Commenting on the wider world, trying to change bits of it
Friday May 18th 2012

About 12 Days

Very simply, Gordon Brown is in the wrong job

PM to allow free vote on parts of embryo bill | Politics | guardian.co.uk

Remember the glory days of Tony Blair? Say what? Blair the spinner, Blair the man with the smile no-one trusted, Blair the man who presided (and I do mean presided) over the Iraq débâcle? But, the thing is, however much we might (and did) disagree with Blair’s policies and actions, he fitted the bill of Prime Minister quite well, while Gordon Brown was an effective chancellor. With Blair gone, we have a chancellor in the prime minister’s shoes, and a second-stringer as chancellor.

Nothing shows Brown’s inability to lead the country more than the débâcle over a free vote on embryology. At the most profound level, this is a more serious misjudgement than the phoney election of September. At that time, as we recall, Brown waited too long before deciding that he wasn’t really going to win, and gave David Cameron a much needed (but entirely undeserved) boost. It was a tactical decision, and Brown waited too long, until there was no right answer, and he was left making the best of a bad job.

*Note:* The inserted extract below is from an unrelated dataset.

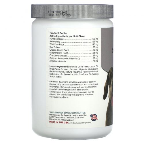 Описание товара NaturVet, Повышенное недержание мочи для пожилых людей, для собак, 120 жевательных таблеток, 360 г (12,6 унции)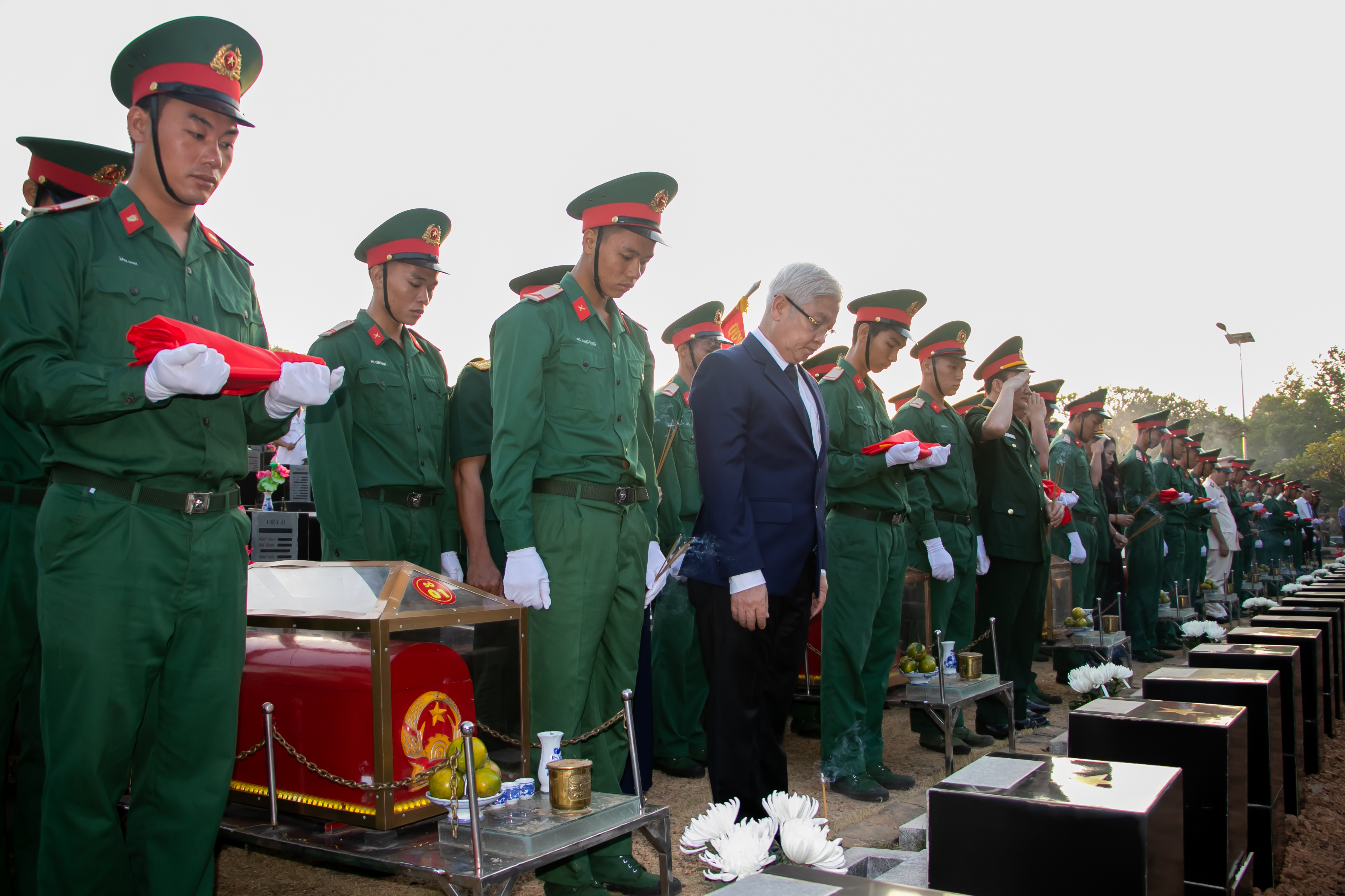Đợt truy điệu và an tang lần này có 27 hài cốt liệt sĩ đều là liệt sĩ chưa xác định được danh tính, trong đó có 25 hài cốt được tìm kiếm, cất bốc từ chiến trường các tỉnh thuộc Campuchia; 2 hài cốt được tìm thấy trong nước được đưa về nghĩa trang liệt sĩ tỉnh Bình Phước.

On the embryology question, though, it is not a question of waiting too long before conceding that MPs should have a free vote on the ‘ethical’ aspects.

Quite simply, there should never have been a question of whipping MPs on an issue of fundamental conscience. Whether Catholic cardinals have been misleading MPs or not (as one Labour peer is alleging), parliamentarians were being instructed that their consciences could play no role in one of the most profound ethical questions ever to come before a British parliament.

As far as I understand it – and I’m not someone with a huge axe to grind on this issue – the main argument for permitting new levels of experimentation in embryology is an economic one: if we don’t take the lead in the new technology, then other countries will, and Britain will be left behind. I’m not really sure I understand how this argument stacks up when we seem so keen to disinvest in other aspects of British technological leadership that have a much faster return for far less ethical issues. The main argument against it is that we are delving into areas into which man is not meant to delve. Again, I’m not sure that this is as clear cut as some people are suggesting.

What I am sure about, though, is that the discussion and the decision should be and must be in the hands of MPs themselves. Government simply does not have the authority to dictate conscience to individual members. If it did have that authority, then our general elections would be nothing more or less than presidential elections – though without the balancing of Congress and Senate which they have in the USA. As a nation, we would collectively decide, once every few years, to invest our entire ethical, moral, economic and political future in a single individual, until that individual decided to step down or to call a fresh election.

Once we allow that the government can require MPs to vote in a particular direction on a matter of the meaning of life itself, then we really can hold nothing back. There is then no reason why Gordon Brown should not, at the end of his term of office, require MPs to vote for an arbitrary extension of parliament. That, after all, would merely be a matter of a technical change to our voting arrangements.

Now, of course, Gordon Brown would never do that: he understands the political process. He also understands that a lurch towards dictatorship (which is what it would be) would see investors clamouring to get their assets off-shore, destabilising the one thing that Brown really does understand – the economy.

But this simply makes it all the more clear that Brown is in the wrong job – he lacks the fundamental moral judgement to recognise that the issue at hand is exactly the matter of conscience in which a free vote is the only option.

I quite enjoyed living in the Brown economy. Taxes were quite low (especially when compared to under the previous Tory administration), inflation was low, interest rates were low. I now have the sense that the firm hand at the tiller is missing, just as we are headed into stormier waters.

I was never a big fan of Blair – but I recognised and respected his qualities. Blair would never have made the categorical moral misjudgement that Brown has made.

Economic instability we have weathered before. But the complete lack of leadership and moral judgement which Brown shows as Prime Minister is alarming. I suppose I could do the traditional opposition thing and call for him to go. But if he went, who in Labour would have the authority to step into his place? Jack Straw is a good man, but Straw in charge would be like having your maths teacher running the country. Messrs Miliband, Miliband, Hutton, and Darling are entirely uninspiring. Blears, Balls and Burnham would struggle to get anyone to take them seriously. In fact, reading through the cast list of Brown’s cabinet is like reading through a copy of Who Isn’t Who, or the list of extras in a BBC daytime TV drama.

Seriously, it’s time for a general election.